Records drawn from a dataset
────────

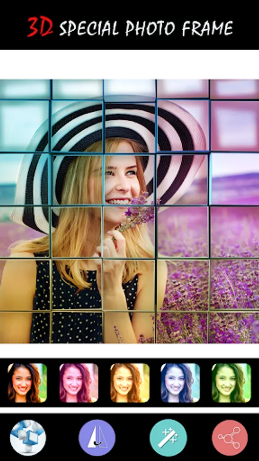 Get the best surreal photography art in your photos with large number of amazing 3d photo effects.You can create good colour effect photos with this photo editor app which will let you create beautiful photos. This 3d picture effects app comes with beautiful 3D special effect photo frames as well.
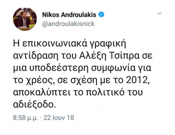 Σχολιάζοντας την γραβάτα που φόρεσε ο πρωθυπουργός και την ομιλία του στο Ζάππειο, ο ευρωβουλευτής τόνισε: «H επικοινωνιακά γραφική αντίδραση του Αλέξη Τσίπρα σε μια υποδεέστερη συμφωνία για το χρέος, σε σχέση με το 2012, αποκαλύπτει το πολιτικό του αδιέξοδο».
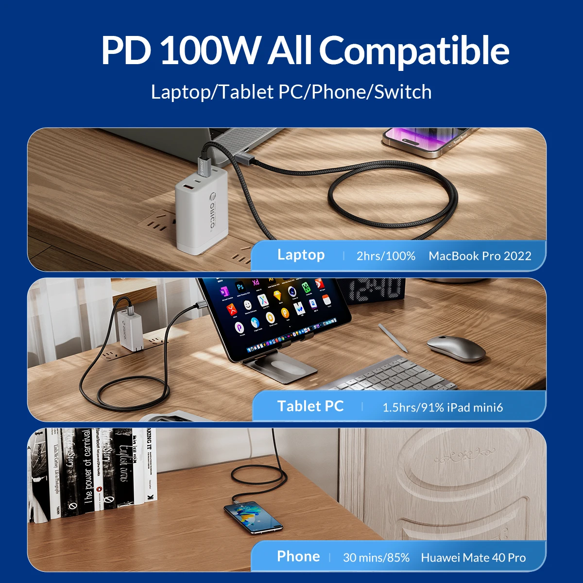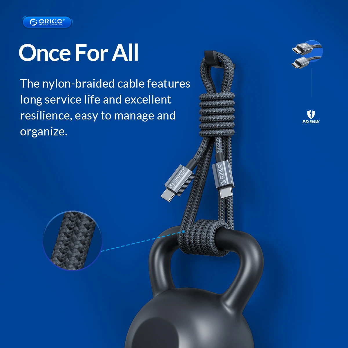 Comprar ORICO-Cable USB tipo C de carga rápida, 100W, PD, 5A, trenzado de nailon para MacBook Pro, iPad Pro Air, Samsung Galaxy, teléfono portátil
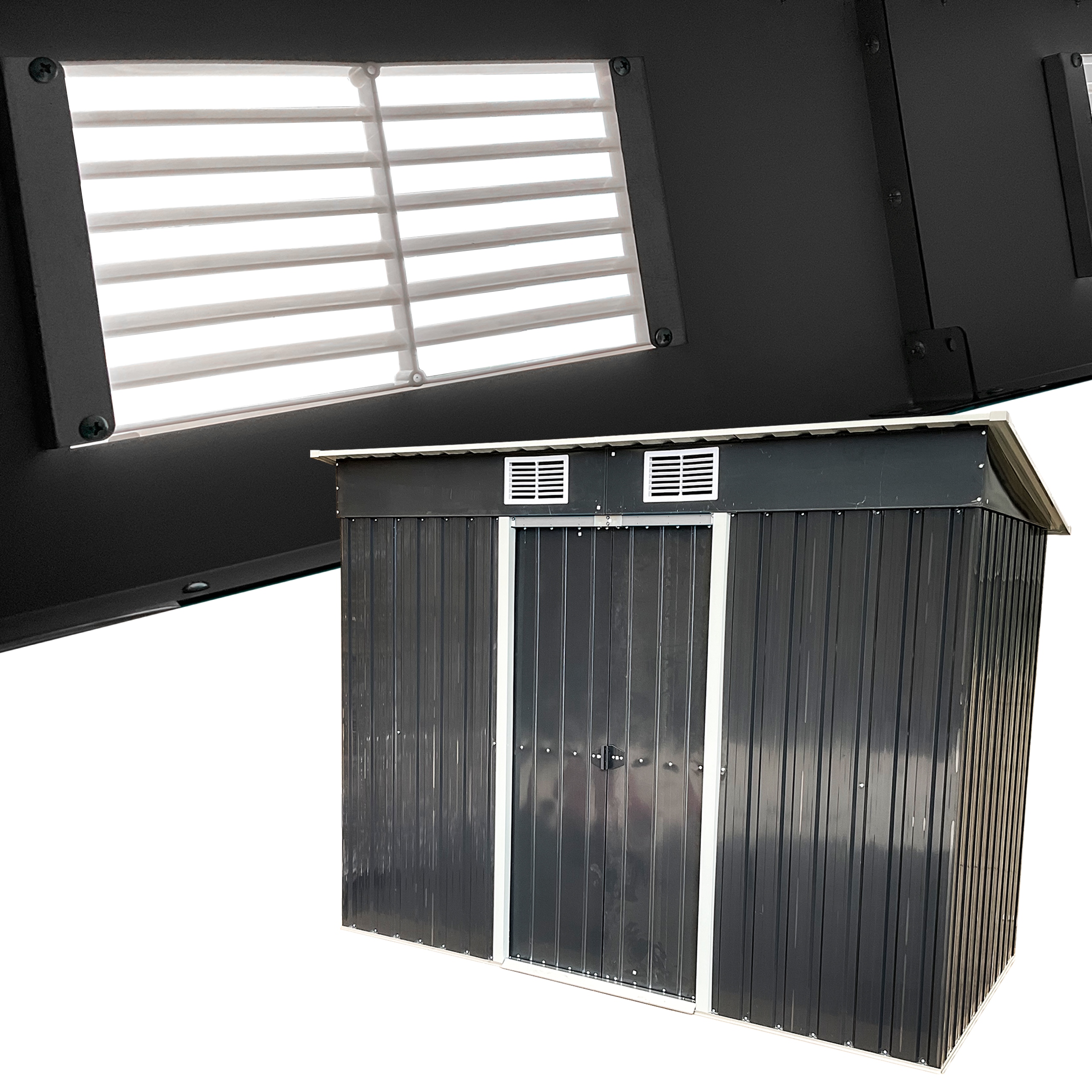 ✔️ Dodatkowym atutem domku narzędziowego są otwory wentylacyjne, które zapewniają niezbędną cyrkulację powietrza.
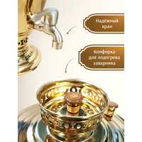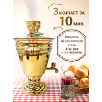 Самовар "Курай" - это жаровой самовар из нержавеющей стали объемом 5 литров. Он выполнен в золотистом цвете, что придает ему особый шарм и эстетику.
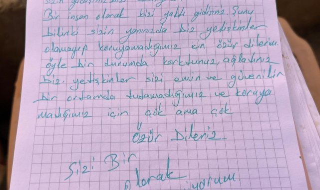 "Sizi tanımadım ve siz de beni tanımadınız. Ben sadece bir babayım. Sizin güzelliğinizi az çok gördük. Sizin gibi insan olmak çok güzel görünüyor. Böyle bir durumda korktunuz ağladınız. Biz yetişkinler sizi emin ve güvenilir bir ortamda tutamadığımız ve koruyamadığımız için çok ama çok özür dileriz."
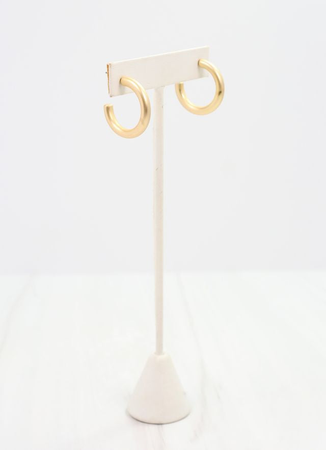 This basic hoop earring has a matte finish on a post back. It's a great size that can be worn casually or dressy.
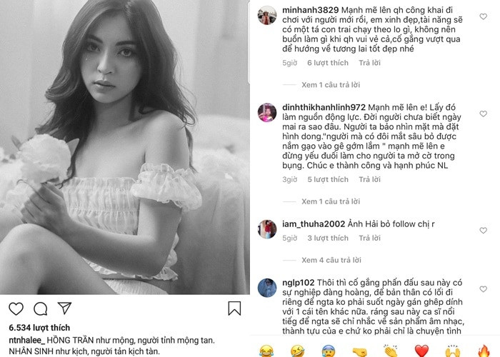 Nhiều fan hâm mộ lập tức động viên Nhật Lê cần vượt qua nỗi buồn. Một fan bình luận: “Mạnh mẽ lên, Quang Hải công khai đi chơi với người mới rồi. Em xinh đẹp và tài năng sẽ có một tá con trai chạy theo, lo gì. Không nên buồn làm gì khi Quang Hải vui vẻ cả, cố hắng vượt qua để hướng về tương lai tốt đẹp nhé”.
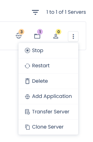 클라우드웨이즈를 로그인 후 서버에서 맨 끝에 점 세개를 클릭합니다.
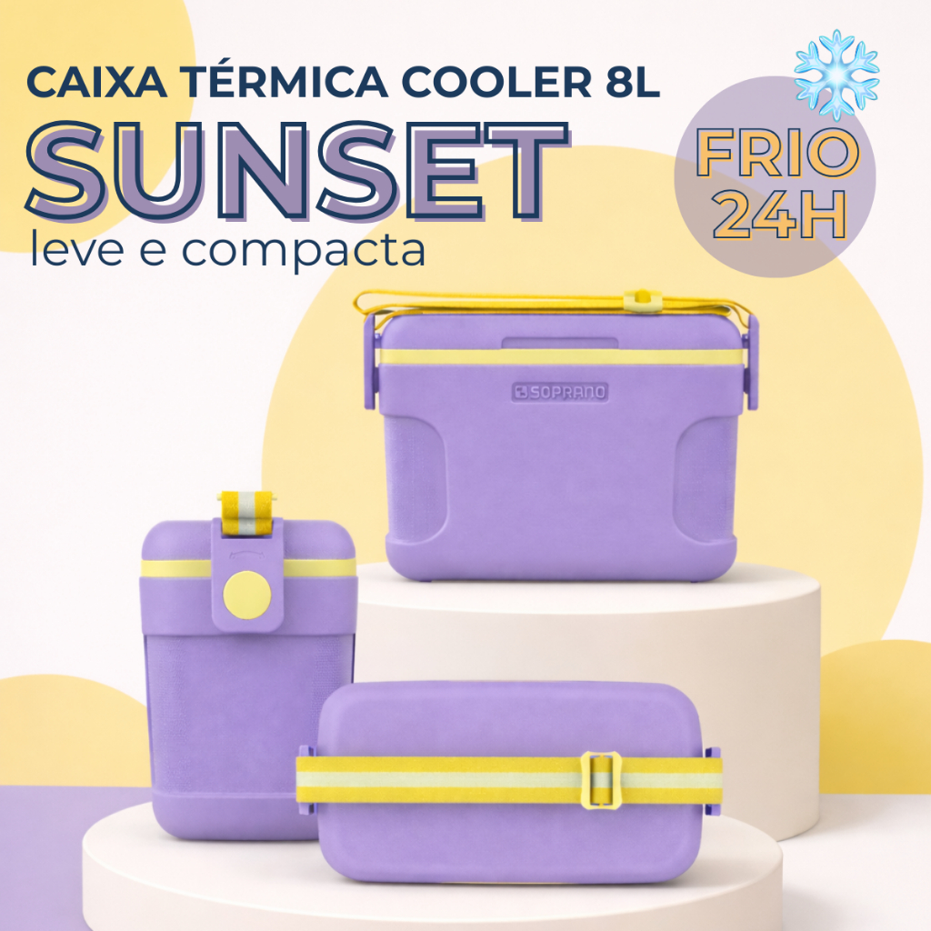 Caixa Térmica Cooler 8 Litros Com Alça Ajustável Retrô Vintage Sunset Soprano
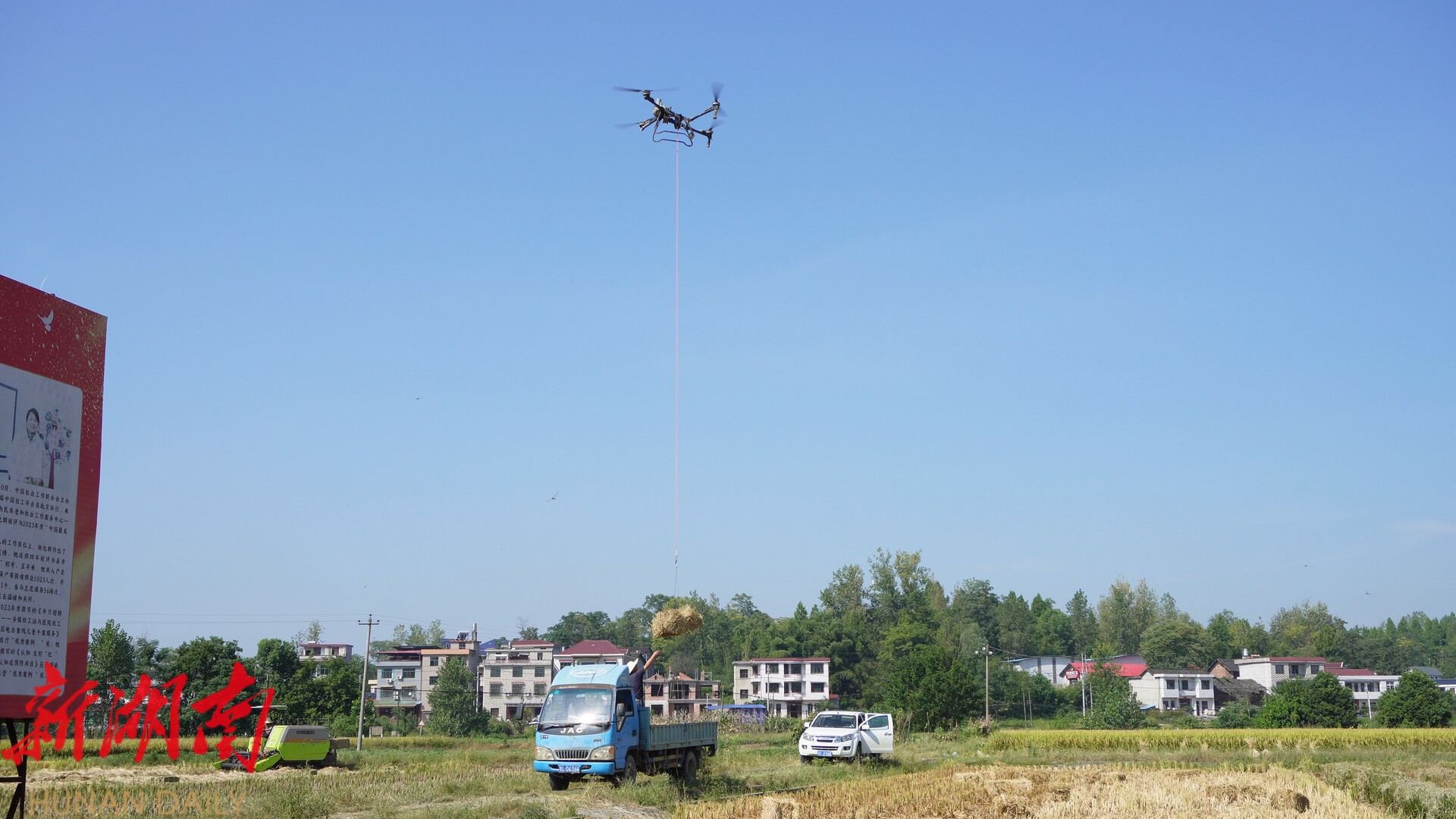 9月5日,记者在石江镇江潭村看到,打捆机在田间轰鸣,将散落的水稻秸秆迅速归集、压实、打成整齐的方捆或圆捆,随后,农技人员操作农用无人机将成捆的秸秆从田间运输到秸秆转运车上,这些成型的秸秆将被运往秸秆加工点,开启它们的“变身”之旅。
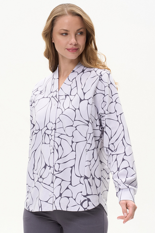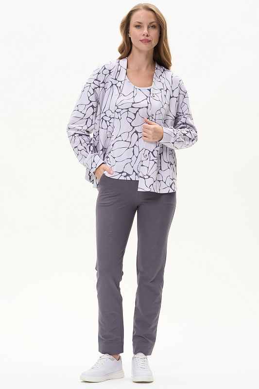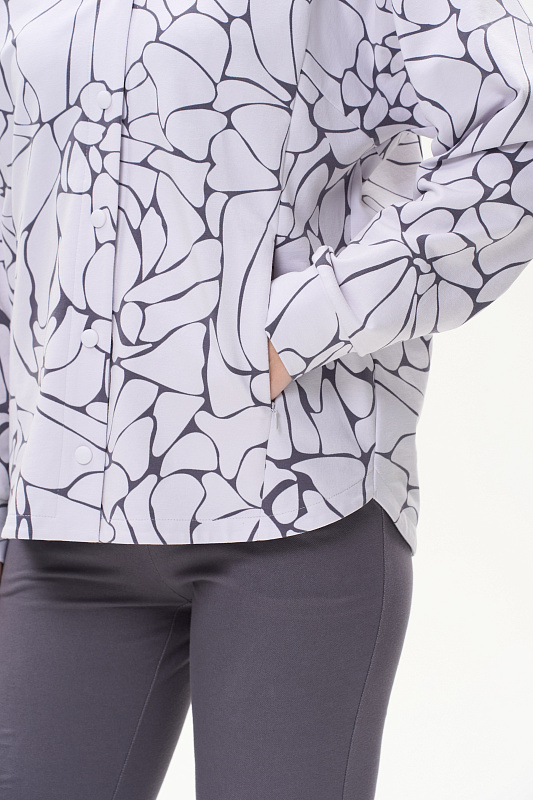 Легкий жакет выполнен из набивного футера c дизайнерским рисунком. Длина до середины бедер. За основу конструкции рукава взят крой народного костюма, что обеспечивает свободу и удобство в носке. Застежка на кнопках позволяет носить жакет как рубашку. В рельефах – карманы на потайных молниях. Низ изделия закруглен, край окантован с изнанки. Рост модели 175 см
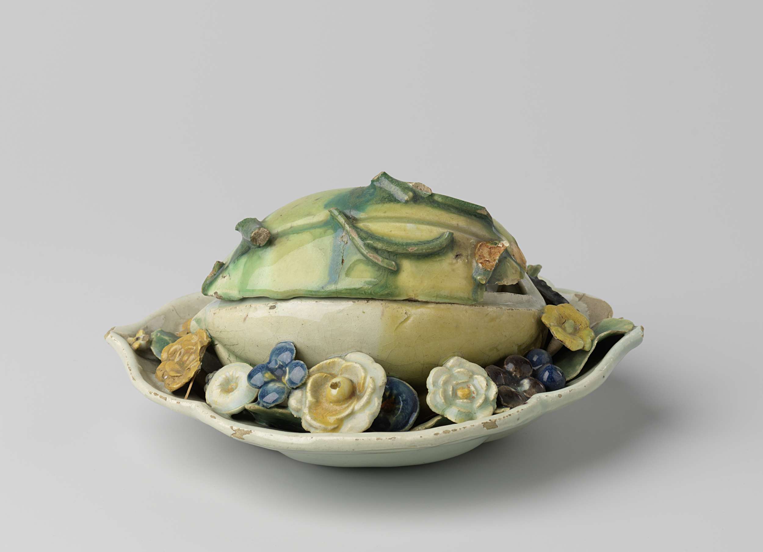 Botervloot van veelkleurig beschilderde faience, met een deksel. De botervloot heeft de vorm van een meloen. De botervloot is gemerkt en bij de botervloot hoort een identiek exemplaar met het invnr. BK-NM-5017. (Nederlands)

────────

Task brief: Return exactly the line containing "9月5日,记者在石江镇江潭村" and every line after it, up to and including the final line of the entries above. Pictures stay out.

Solution:
 9月5日,记者在石江镇江潭村看到,打捆机在田间轰鸣,将散落的水稻秸秆迅速归集、压实、打成整齐的方捆或圆捆,随后,农技人员操作农用无人机将成捆的秸秆从田间运输到秸秆转运车上,这些成型的秸秆将被运往秸秆加工点,开启它们的“变身”之旅。
 Легкий жакет выполнен из набивного футера c дизайнерским рисунком. Длина до середины бедер. За основу конструкции рукава взят крой народного костюма, что обеспечивает свободу и удобство в носке. Застежка на кнопках позволяет носить жакет как рубашку. В рельефах – карманы на потайных молниях. Низ изделия закруглен, край окантован с изнанки. Рост модели 175 см
 Botervloot van veelkleurig beschilderde faience, met een deksel. De botervloot heeft de vorm van een meloen. De botervloot is gemerkt en bij de botervloot hoort een identiek exemplaar met het invnr. BK-NM-5017. (Nederlands)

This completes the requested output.